Task item ->
Exactly as written, print out each entry in the data, with no pictures.

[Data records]
++++++++++
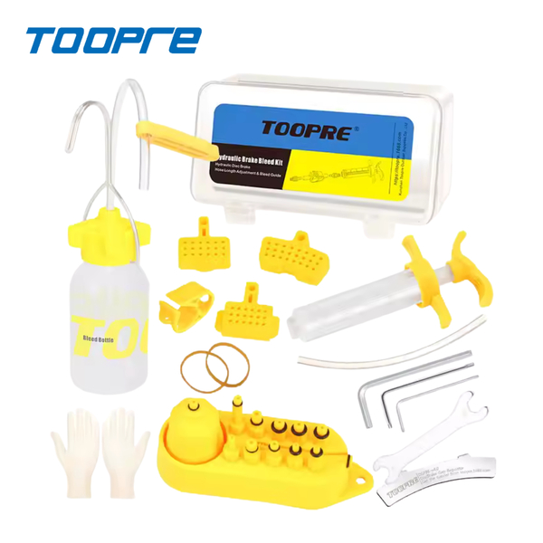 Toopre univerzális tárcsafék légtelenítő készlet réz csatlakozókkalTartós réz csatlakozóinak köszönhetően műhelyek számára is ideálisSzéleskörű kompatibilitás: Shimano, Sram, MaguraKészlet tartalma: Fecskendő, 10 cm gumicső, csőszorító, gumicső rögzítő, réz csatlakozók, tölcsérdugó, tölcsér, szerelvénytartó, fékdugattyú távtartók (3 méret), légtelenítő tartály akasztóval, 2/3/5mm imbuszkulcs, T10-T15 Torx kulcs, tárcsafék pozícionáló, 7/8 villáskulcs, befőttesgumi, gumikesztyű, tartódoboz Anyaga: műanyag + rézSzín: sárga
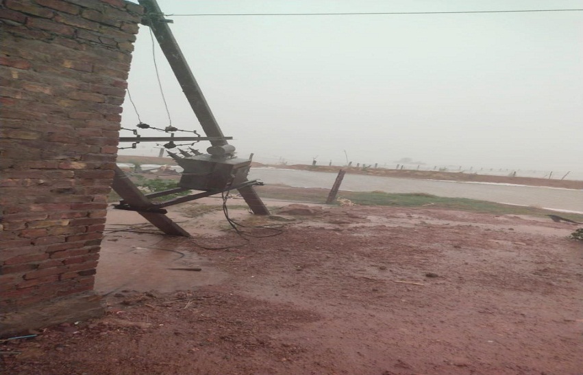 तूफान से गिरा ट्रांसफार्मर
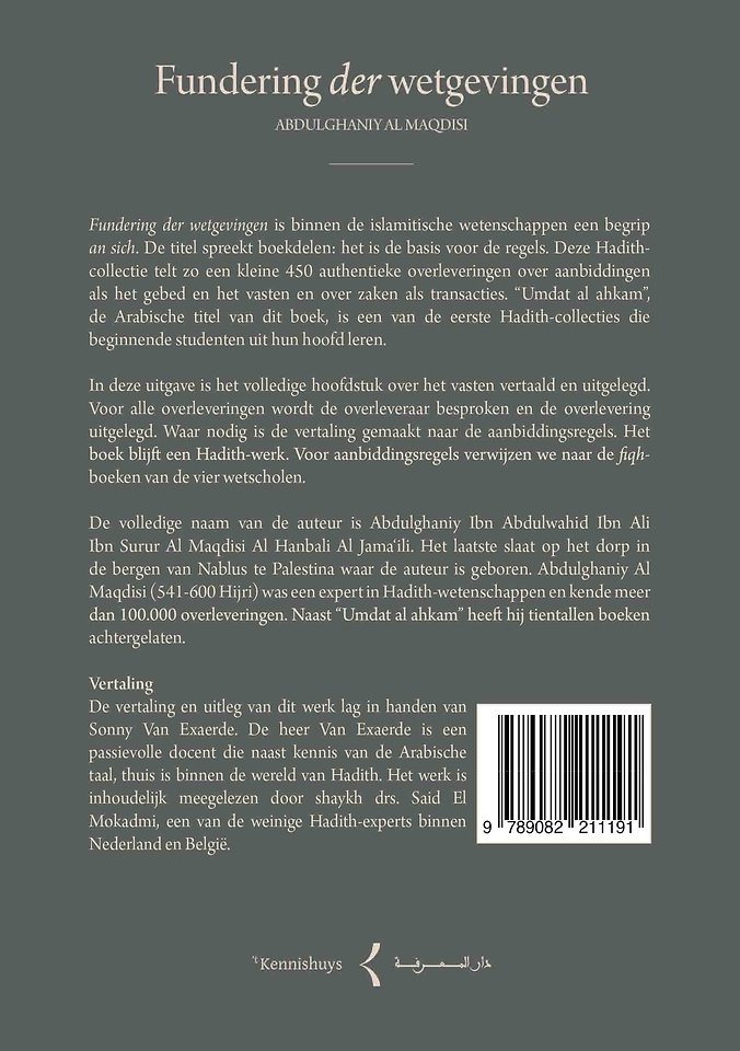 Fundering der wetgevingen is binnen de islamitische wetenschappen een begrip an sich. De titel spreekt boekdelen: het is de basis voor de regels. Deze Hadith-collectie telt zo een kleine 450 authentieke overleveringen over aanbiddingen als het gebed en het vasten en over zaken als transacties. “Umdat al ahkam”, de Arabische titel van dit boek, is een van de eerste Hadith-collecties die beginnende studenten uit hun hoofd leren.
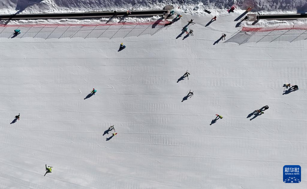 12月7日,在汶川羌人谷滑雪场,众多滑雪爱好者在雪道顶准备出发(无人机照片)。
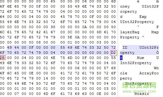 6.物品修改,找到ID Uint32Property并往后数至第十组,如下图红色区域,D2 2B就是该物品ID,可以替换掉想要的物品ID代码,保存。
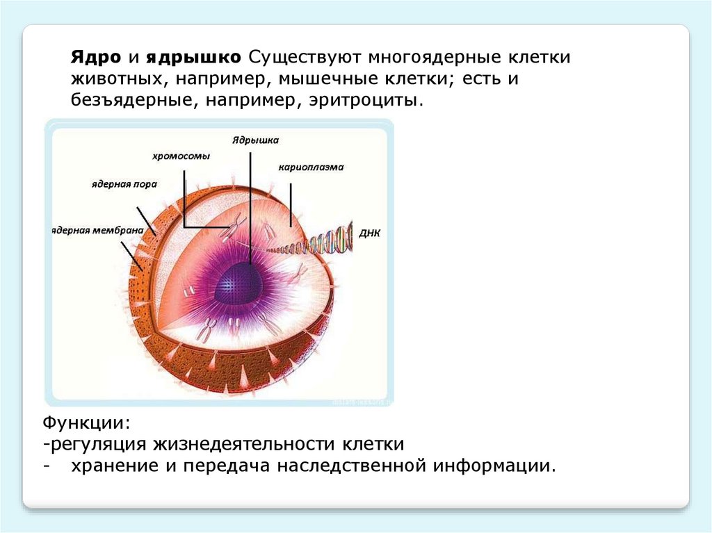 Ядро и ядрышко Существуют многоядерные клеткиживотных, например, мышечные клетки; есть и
++++++++++
Response area ->
 Toopre univerzális tárcsafék légtelenítő készlet réz csatlakozókkalTartós réz csatlakozóinak köszönhetően műhelyek számára is ideálisSzéleskörű kompatibilitás: Shimano, Sram, MaguraKészlet tartalma: Fecskendő, 10 cm gumicső, csőszorító, gumicső rögzítő, réz csatlakozók, tölcsérdugó, tölcsér, szerelvénytartó, fékdugattyú távtartók (3 méret), légtelenítő tartály akasztóval, 2/3/5mm imbuszkulcs, T10-T15 Torx kulcs, tárcsafék pozícionáló, 7/8 villáskulcs, befőttesgumi, gumikesztyű, tartódoboz Anyaga: műanyag + rézSzín: sárga
 तूफान से गिरा ट्रांसफार्मर
 Fundering der wetgevingen is binnen de islamitische wetenschappen een begrip an sich. De titel spreekt boekdelen: het is de basis voor de regels. Deze Hadith-collectie telt zo een kleine 450 authentieke overleveringen over aanbiddingen als het gebed en het vasten en over zaken als transacties. “Umdat al ahkam”, de Arabische titel van dit boek, is een van de eerste Hadith-collecties die beginnende studenten uit hun hoofd leren.
 12月7日,在汶川羌人谷滑雪场,众多滑雪爱好者在雪道顶准备出发(无人机照片)。
 6.物品修改,找到ID Uint32Property并往后数至第十组,如下图红色区域,D2 2B就是该物品ID,可以替换掉想要的物品ID代码,保存。
 Ядро и ядрышко Существуют многоядерные клеткиживотных, например, мышечные клетки; есть и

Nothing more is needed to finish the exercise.